I don't use ee myself, but going through ee(1) man page solution is quite easy. Press ^c (control-c) and type quit, hit the enter and then press Q. 

In other words first quit ee and then quit less.


----------



## Alt (Mar 23, 2011)

Just kill ee process from other console.
Why you need this command btw?


----------



## SirDice (Mar 23, 2011)

matoatlantis said:
			
		

> In other words first quit ee and then quit less.


Less will get killed when ee is killed because of a broken pipe.


----------



## _martin (Mar 23, 2011)

SirDice said:
			
		

> Less will get killed when ee is killed because of a broken pipe.



When I tried it I had to hit Q to quit from *less*. I see "(END)" after closing *ee*, but *less* is still running (double-checked with *ps*).

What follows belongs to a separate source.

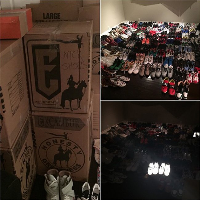 湖人球员尼克 杨对球鞋的热衷众所周知,前不久小编也为各位带来了尼克 杨位于洛杉矶家中的球鞋收藏,然而日前,生性高调的“单打王”在 Instagram 上晒出了一张照片,据他本人描述,图中是尼克 杨整理屋子时收拾出并要扔掉的鞋子,并补充道:“未来三天我要把一个装满鞋大箱子扔到街上去,谁会是那个幸运儿呢?”有多少粉丝想组团飞美帝去捡鞋呢?

So I guess *less* has a problem to deal with this and stays up.
Anyway that is the way how to deal with it


----------



## da1 (Mar 23, 2011)

I don't understand the logic behind using [CMD=""]less[/CMD], [CMD=""]more[/CMD], etc with [CMD=""]ee[/CMD]. These cmd's should be used with [CMD=""]cat[/CMD], [CMD=""]grep[/CMD], etc (something that prints to the console and not something that edits the file).


----------



## DutchDaemon (Mar 23, 2011)

That's why OP called it 'silly', da1.


----------



## da1 (Mar 23, 2011)

Aaa ... ups


----------



## tanked (Mar 23, 2011)

Thanks guys, as suggested by matoatlantis, pressing control-c, typing quit, hitting ENTER and then pressing Q made the console usable again.


----------